Deepti Damayanty Pradhan • Pravati Jena • Sreesom Misra • et. al.  June 17, 202 DOI: 10.7759/cureus.62561 

Abstract

Introduction: The mandated closure of schools due to Covid-19 is likely to have a negative impact on school-going children. This study aimed to assess the psychosocial well-being of school children during the pandemic in eastern India.

Methods: This cross-sectional study was conducted in the outpatient pediatric department of tertiary care teaching hospitals. Children between the ages of 4 and 14 were enrolled. The main outcome measures included the Emotional Symptoms Scale, Conduct Problem Scale, Hyperactivity Scale, Peer Problem Scale, and Prosocial Scale from the Strength and Difficulties Questionnaire (SDQ), as well as the Children’s Hope Scale.

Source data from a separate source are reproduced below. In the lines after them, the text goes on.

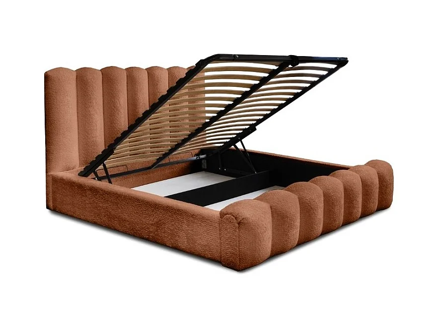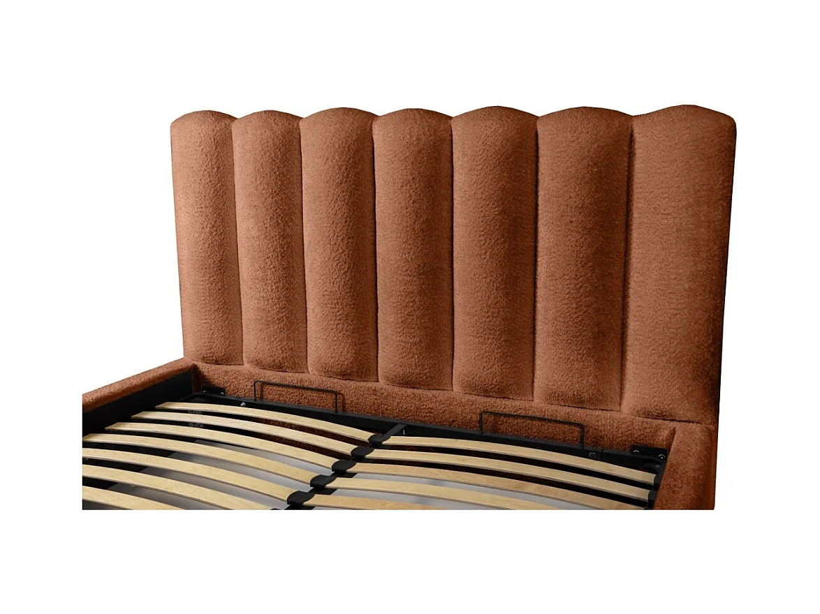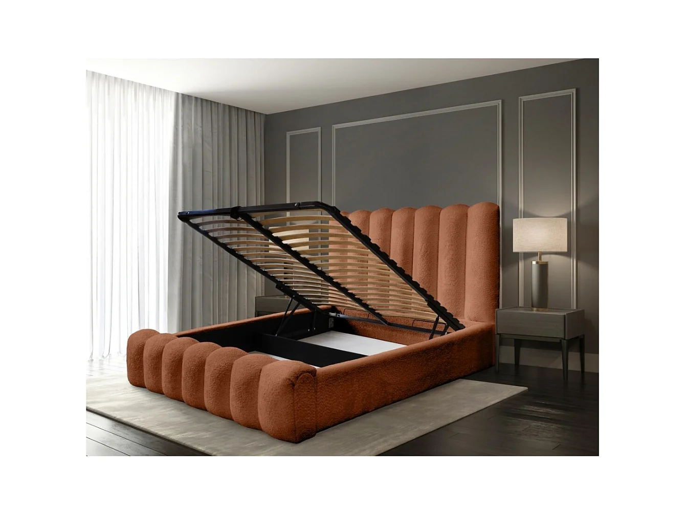 Lit coffre BADJA – Tecido bouclê Terracota – 140x200 cm – Estrado elevatório – Design de alta qualidade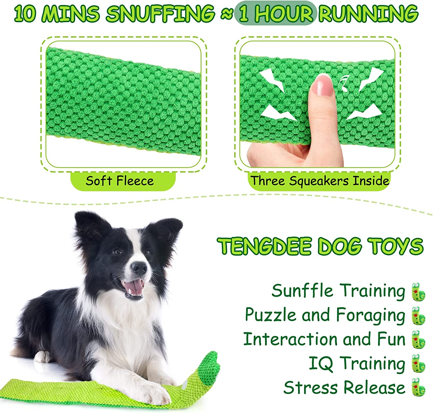 • Training Foraging and Puzzle:The snuffle toy can either hover into the shape of a snail or unfold into a stick shape, with hidden holes for food. You can hide some food in the toy so that the dog sniff, find food and get food. It helps to consume your dog’s energy and lose weight. It helps to training their foraging skills and puzzles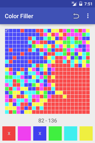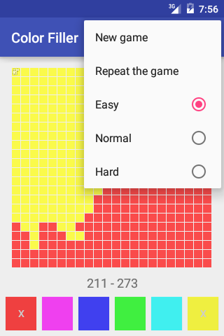 Kolor Filler to gra logiczna. Gracze muszą uchwycić obszar, malowanie przez kolor komórki. Twoja pozycja znajduje się w lewym górnym rogu. Zwycięzcą zostaje gracz, aby zdobyć dużą liczbę komórek.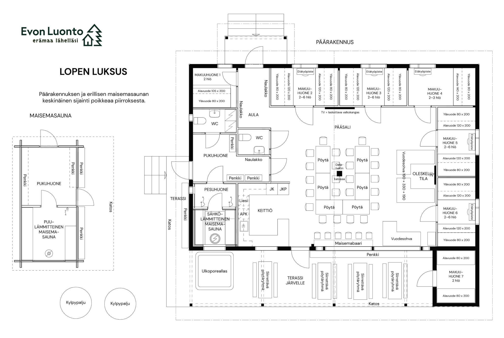 Selle ainulaadse looduse pärli vahetus läheduses leiate kõik hõrgutised, mis rahuldavad ka kõige nõudlikumaid maitseid, alates looduslikust lehtlast ja maastikusaunast kuni kuumade vannide ja mullivannideni. Olenemata sellest, kas otsite ruumi produktiivseks meeskonnaürituseks või lõõgastavaks puhkuse seikluseks, Loppi Luxus on usaldusväärne valik!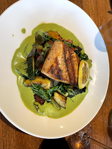 Ā Ā Ā Read moreI made a reservation on their website for dinner tonight to celebrate my father-in-lawās birthday. There website is pretty easy to use to schedule a reservation. The atmosphere is nice with a pleasant wood fire smell. The food here was also delicious! I ordered the Whitehaven Sauvignon Blanc and Nordic Blu Salmon. My husband got a Bison Steakhouse Burger. My father-in-law got a Michelob Golden with Pork Chop. Everything tasted phenomenal and the salmon that I ordered was really good with the green sauce that it was served with. I finished my meal in a heartbeat!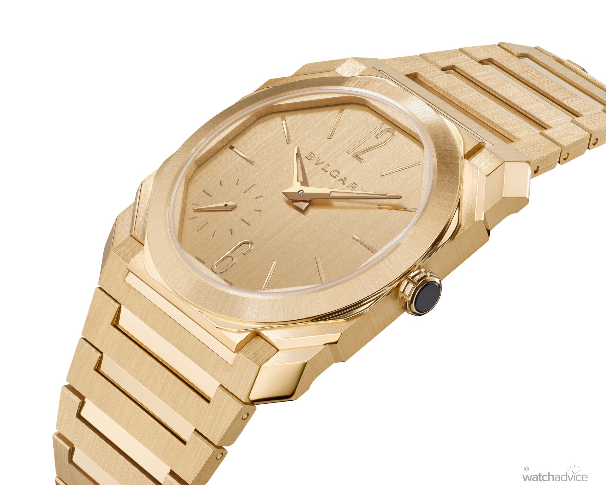 The third ticks the ultra-luxury box, with a full 18k yellow gold model that mirrors the finish of the Satin-brushed titanium version, with a combination of brushed and polished surfaces that catch the light. Bvlgari goes one step further on this watch, with a monochromatic yellow gold dial with yellow gold-plated hands and indexes. Even the screw-down crown is 18k yellow gold with a black ceramic insert.

Results: Out of 169 children aged 4-14, 104 (61.5%) were male, 140 (82.8%) were from urban areas, 66 (39.1%) had a family member who was a healthcare worker or frontline worker, and 12 (7.1%) had experienced the death of a family member due to Covid-19. Anxiety-related and depressive symptoms were observed in 81 (47.9%) and 70 (41.4%) children, respectively. Psychosocial difficulties with a ‘clinically significant problem likely’ were observed in 26 (15.4%) children, more common in males (16.35%, P=0.035) and older children (12-14 years). Children from families with healthcare/frontline workers, Covid-affected families, loss of job in the earning member, and uninvolved parenting style were associated with more psychosocial difficulties. The mean (SD) hope score was 22.46 ± 6.42 in children above eight years.

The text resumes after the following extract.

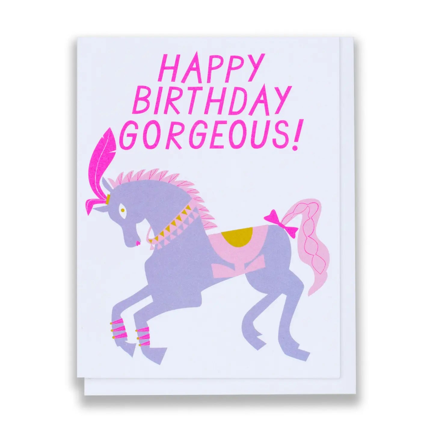 The world is divided it to two kinds of people, the ones who had a horse obsession and the ones who didn't. If you know the first kind, you can do no wrong with this pretty prancing pony birthday card and it's happy birthday gorgeous greeting.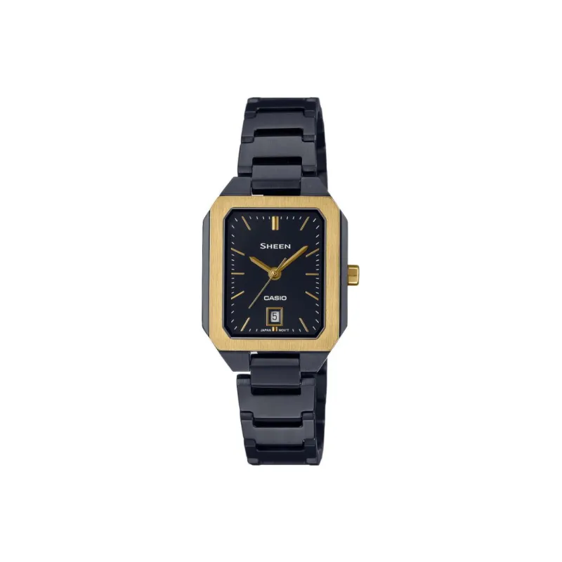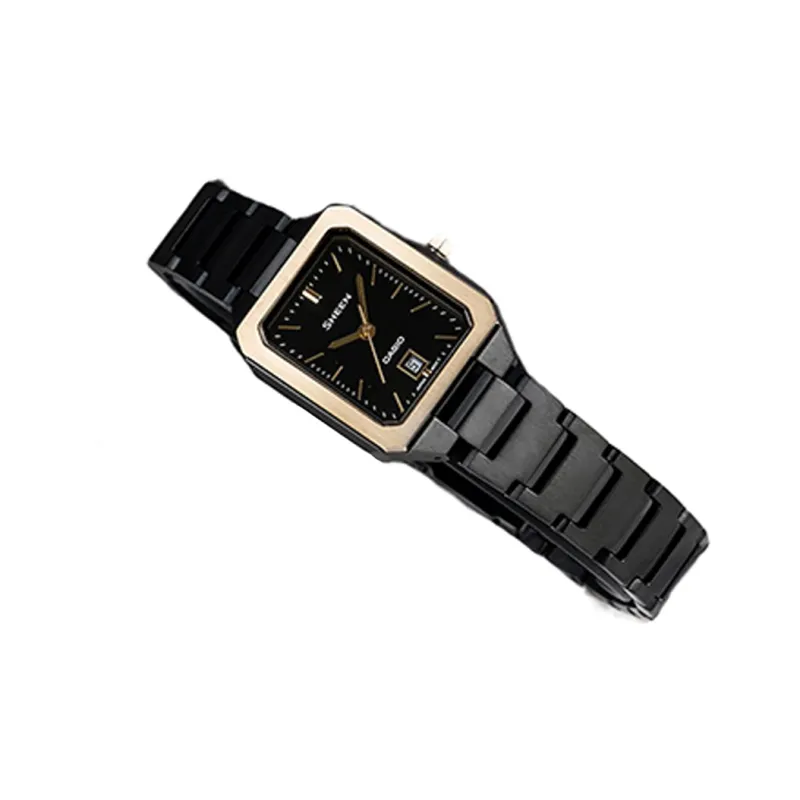 CASIO SHE4555 Galaxy Starry Коробка Кварцевый Механизм Нержавеющая Сталь Ремешок Часы Женские Черный Циферблат

Conclusion: The psychosocial well-being of school-going children is adversely affected during Covid-19, particularly in families with frontline workers, loss of job, and death of family members due to Covid-19. The poor hope score in children aged 8 years and above indicates an adverse impact on their ability to achieve future goals.

Introduction

Social distancing was one of the primary public health interventions to reduce the spread of SARS-CoV-2, the virus-causing Covid-19. Though children appeared to be at low risk of developing severe disease and mortality, many interventions (closure of school, quarantine of family members, news and social media on Covid-19, separation of parents, death of near and dear ones, etc.) have significantly disrupted the lives of children [1]. Past evidence has shown significant psychosocial effects on children during disasters, and reports of psychosocial distress in children have increased during Covid-19 [2-4]. The core components of psychological well-being are emotional/personal, social/interpersonal and the ability to cope. During the initial crisis period, the ’emotional’ and ‘social’ components are likely to be affected whereas during the protracted and recovery phase, the ‘ability to cope’ component is affected.

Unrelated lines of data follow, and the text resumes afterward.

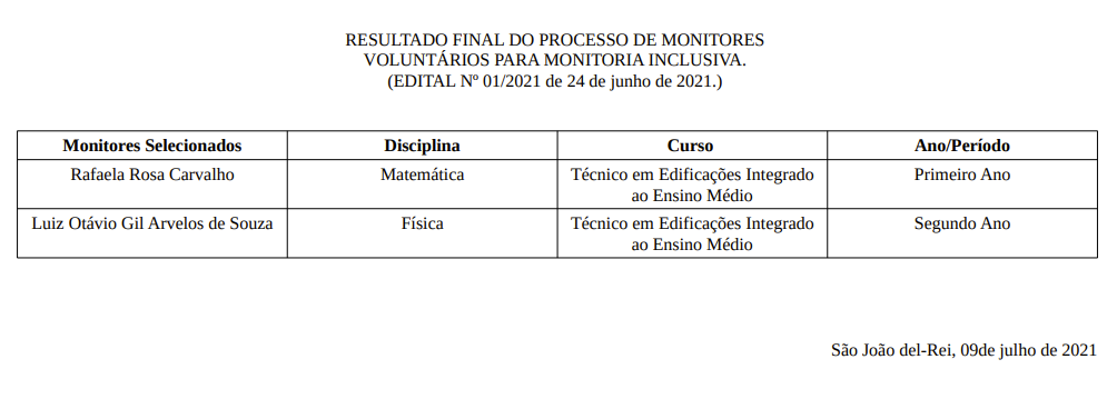 O IF Sudeste MG - Campus São João del-Rei publica o resultado final da seleção de monitores voluntários para monitoria inclusiva, edital Nº 01/2021 de 24 de junho de 2021.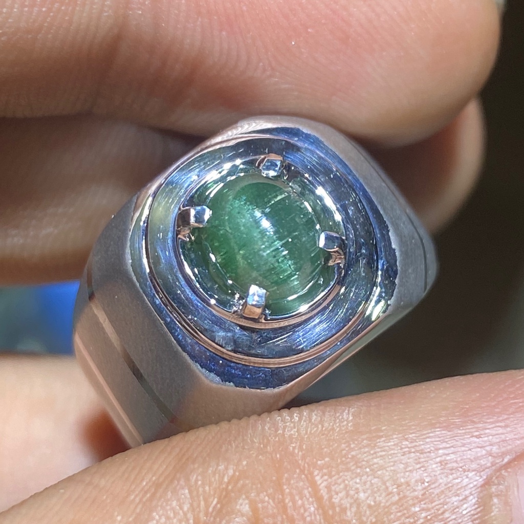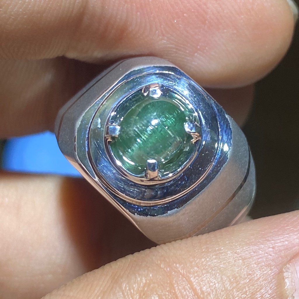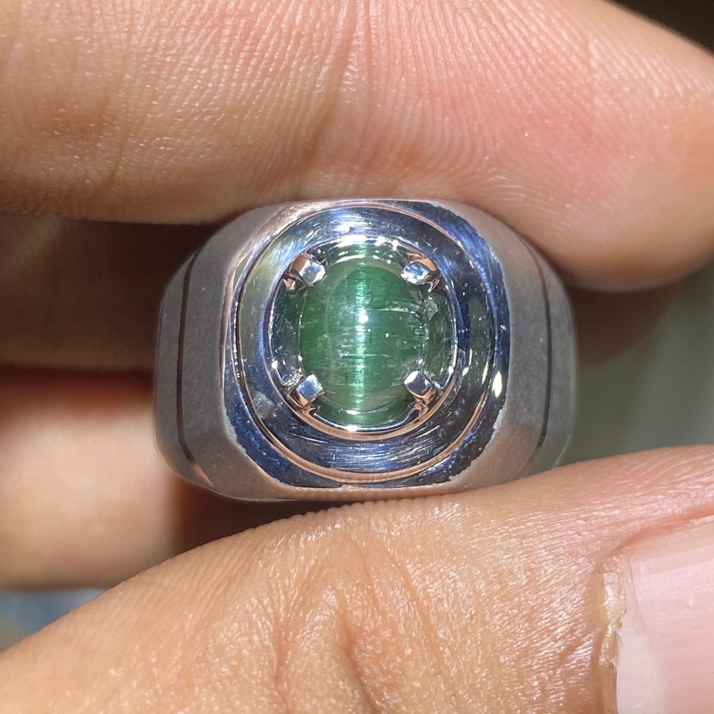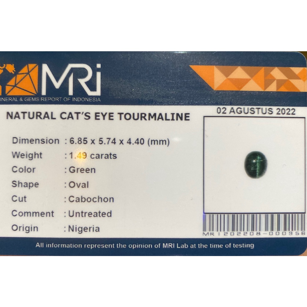Natural 1.49ct Batu Cat Eye Tourmaline Mata kucing Hijau perak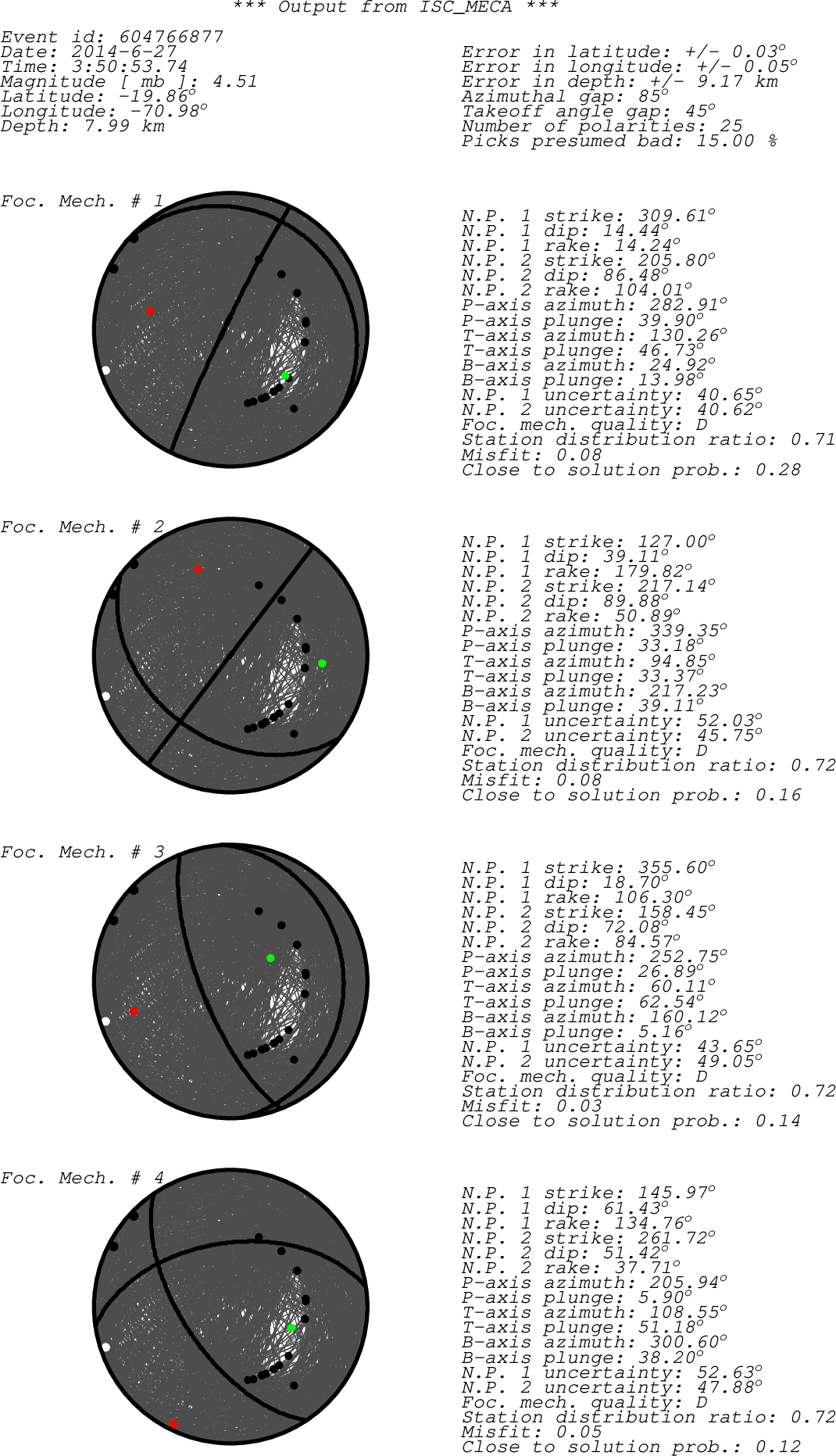 sta chan net loc pol a/m azi dist author irsta PSGC H?Z IR D 72.03 0.85 GUC PSGC PSGCX HHZ CX -- - a 72.03 0.85 ISC PSGCX TA02 H?Z IR C 117.25 0.89 GUC TA02 TA02 HHZ C1 -- + a 117.25 0.89 ISC TA02 TA01 H?Z IR C 133.28 1.02 GUC TA01 TA01 BHZ C1 -- + a 133.28 1.02 ISC TA01 PATCX HHZ CX -- + a 141.13 1.23 ISC PATCX PB11 H?Z IR C 85.62 1.25 GUC PB11 PB11 HHZ CX -- + a 85.62 1.25 ISC PB11 PB12 H?Z IR C 26.38 1.38 GUC PB12 MNMC H?Z IR C 61.08 1.49 GUC MNMC MNMCX BHZ CX -- + a 61.08 1.49 ISC MNMC MNMCX HHZ CX -- + a 61.08 1.49 ISC MNMC AP01 H?Z IR C 22.14 1.60 GUC AP01 GO01 B?Z IR C 83.77 1.69 GUC GO01 GO01 BHZ C -- + a 83.77 1.69 ISC GO01 PB08 H?Z IR C 99.52 1.74 GUC PB08 PB08 BHZ CX -- + a 99.52 1.74 ISC PB08 PB08 HHZ CX -- + a 99.52 1.74 ISC PB08 PB02 H?Z IR C 145.28 1.77 GUC PB02 PB01 H?Z IR C 130.35 1.82 GUC PB01 PB16 HHZ CX -- + a 42.69 2.06 ISC PB16 PB16 BHZ CX -- + a 42.69 2.06 ISC PB16 PB07 H?Z IR C 151.39 2.12 GUC PB07 PB03 H?Z IR C 152.49 2.46 GUC PB03 PB03 HHZ CX -- + a 152.49 2.46 ISC PB03 PB09 HHZ CX -- + a 140.18 2.52 ISC PB09 PB09 BHZ CX -- + a 140.18 2.52 ISC PB09 PB04 BHZ CX -- + a 162.71 2.58 ISC PB04 PB05 H?Z IR C 166.51 3.06 GUC PB05 PB06 HHZ CX -- + a 155.41 3.12 ISC PB06 PB06 BHZ CX -- + a 155.41 3.12 ISC PB06 LVC HHZ IU 10 + a 145.22 3.35 ISC LVC LVC BHZ IU 10 + a 145.22 3.35 ISC LVC LVC BHZ IU 00 + a 145.22 3.35 ISC LVC sta - Station code (FDSN) chan - channel code net - Network code (FDSN) loc - Location code (FDSN) pol - Polarity a/m - Automatic or manual pick azi - Event to station azimuth (in degrees) dist - Event to station distance (in degrees) author - Author of the polarity irsta - International registry station code

The objective of the present study was to describe the various components of psychosocial well-being of school-going children during the pandemic and their associated factors. Psychosocial components included are depression, anxiety, behaviour, emotion, conduct, socialisation, and goal-oriented thought.

Materials & Methods

This survey was conducted from June 2021 to December 2021 after receiving ethical approval from the Institutional Ethical Committee, Balangir. The parents of school-going children aged between 4 and 14 years were invited to participate in the study either in person or via WhatsApp, email, and URL-linked messages. After obtaining informed written consent, a pre-designed questionnaire was distributed to the parents. Children over the age of eight were asked to provide their assent to participate in the study. Children not attending school or known to have psychosocial, neuropsychiatric, or developmental disorders were excluded from the study.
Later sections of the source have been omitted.